Man has the power of choice. Whatever he has, he has chosen.
Any town can be a town without a toothache if the people choose it.
The business of man is to rule and to choose. Whatever is with us we have chosen–”Believe it or not”.
CHAPTER 2–I STRIKE OUT ON MY WAY
When I was 19, going on 20 years old, I suddenly decided to visit my brother Fayette, who lived at Baleyton, Cullman County, about 100 miles north of the old home farm. For some years I had nursed the urge to better myself. Now I had got the idea into my head that my oldest brother, who had a family and a farm of his own, could help me get a start. Anyhow, I could stay at his house until I had found myself a job.
It was before daylight on January 2, 1887, that I left home to catch the train at Talladega. A younger brother hauled me to the railroad depot, 25-miles away, in a two-wheel cart. As I sat in the waiting room, I heard a telephone ring for the first time in my life. Fascinated, I watched the station agent talk into a box on the wall: “Number 10, going north, on time.”
For my first journey out into the world, I had only the fourteen dollars that my cotton patch had brought me. But when he came to tell me goodby, my father slipped a five-dollar bill into my hand. Then my mother came and said to me: “George, I want to hear from you, but I want always to hear good news.” I have never to this day forgotten or lost sight of those words. As long as she lived I kept one purpose in mind: to make my life yield good news for my mother.
So I left home in the winter dawn, wearing the tight-fitting coat and britches mother had made for me of homespun jeans. I wore heavy brogan shoes, their soles covered solid with big-headed tacks.
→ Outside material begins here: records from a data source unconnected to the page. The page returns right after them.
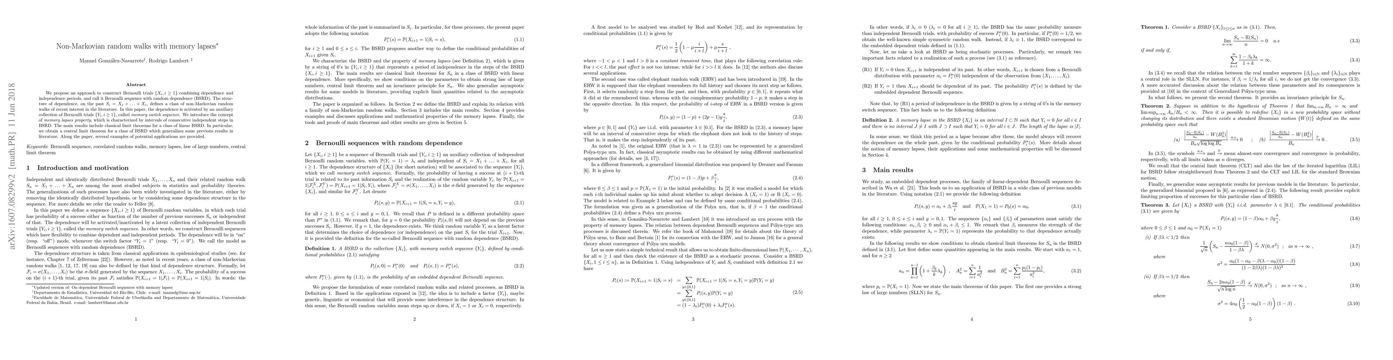 This paper introduces Bernoulli Sequence with Random Dependence (BSRD), a method to create non-Markovian random walks using Bernoulli trials with both dependent and independent periods. The authors define 'memory lapses property' and present classical limit theorems, including a generalized central limit theorem for linear BSRD, with examples of potential applications provided.
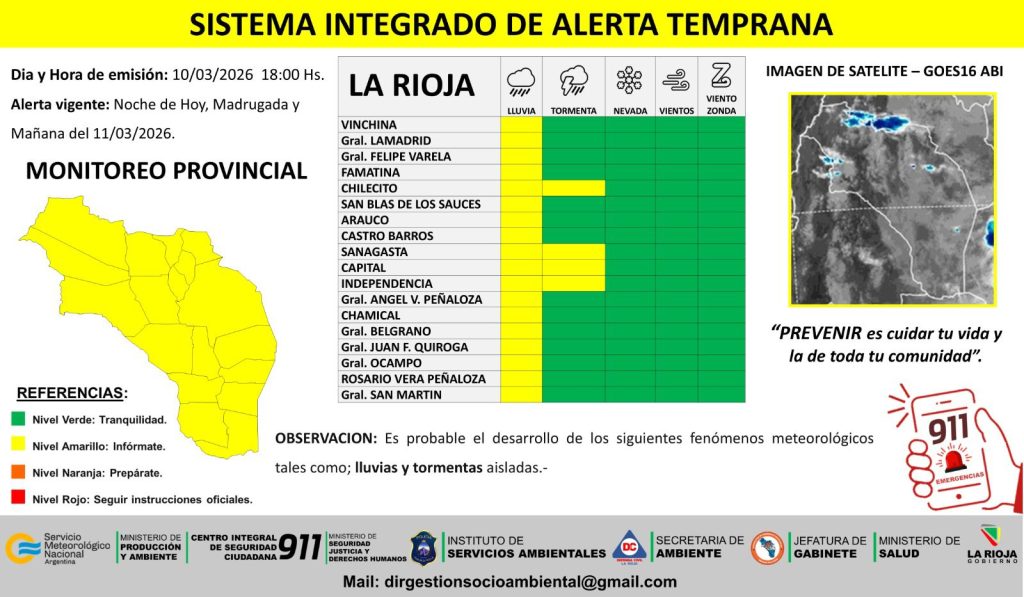 Este alerta amarilla por lluvias rige para todo el territorio provincial mientras que en el caso de tormentas el alerta está vigente para los departamentos Chilecito, Sanagasta, Capital e Independencia.
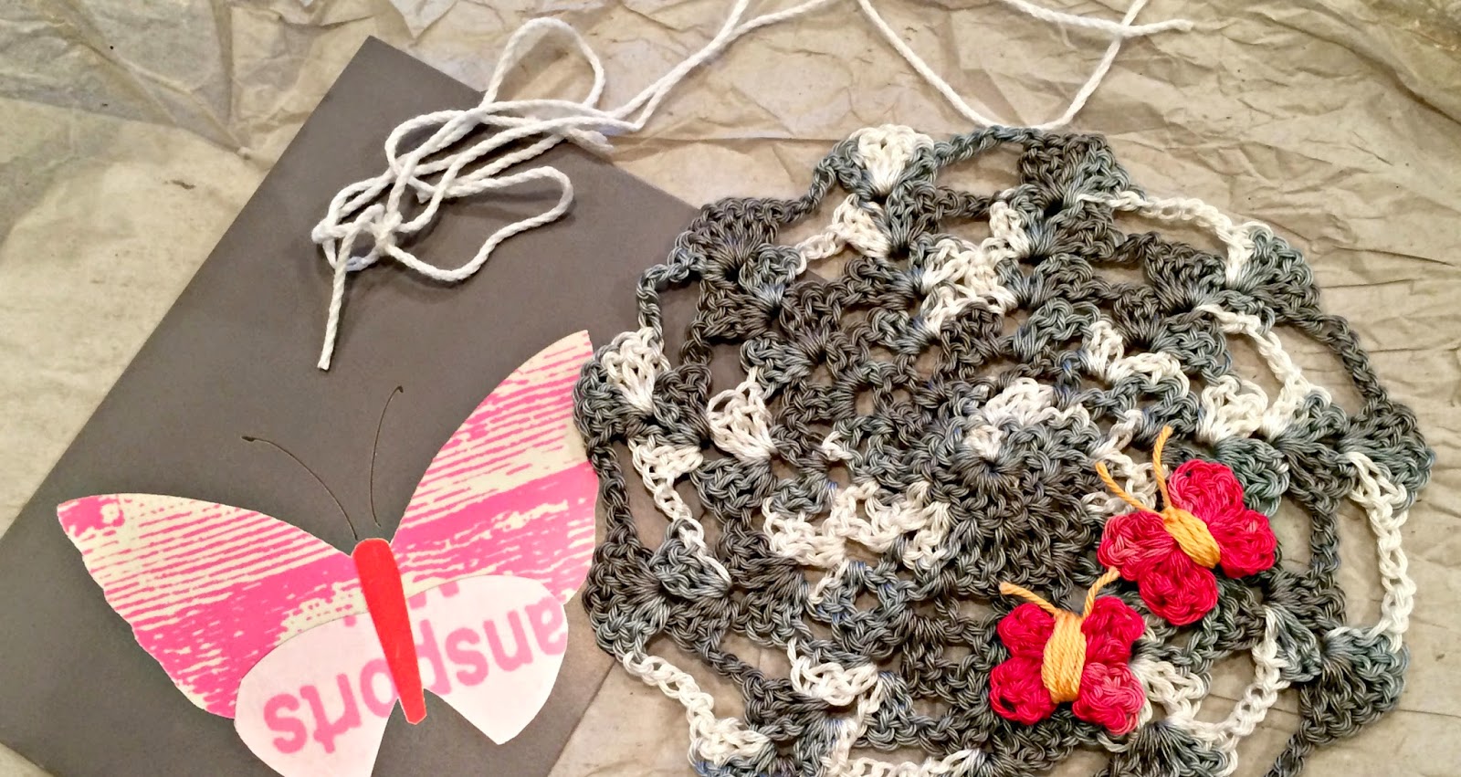 Tammy participates in stashbusting which means she uses her leftover yarn scraps to crochet small things. She crocheted this lovely doily and butterflies from her stash of leftover yarn. On her blog you will find a link to the doily crochet pattern here.

I lugged a heavy cardboard satchel that held all my belongings. I had never in my life rode a train before. The cars seemed just to glide along as if I were riding on air. All that day I watched the country roll past the car window, brown fields, grazing cattle and farm cabins, but mostly pine woods. It was 2 o’clock in the morning when the train got to Cullman. I found a hotel room for twenty-five cents. The next morning about sun up a livery stableman came around. “Where do you want to go, sonny?” he asked me. “How much would you charge to take me to Fayette Heard’s house eighteen miles from here on the road to Baleyton?”
“That would cost you a dollar and a half.”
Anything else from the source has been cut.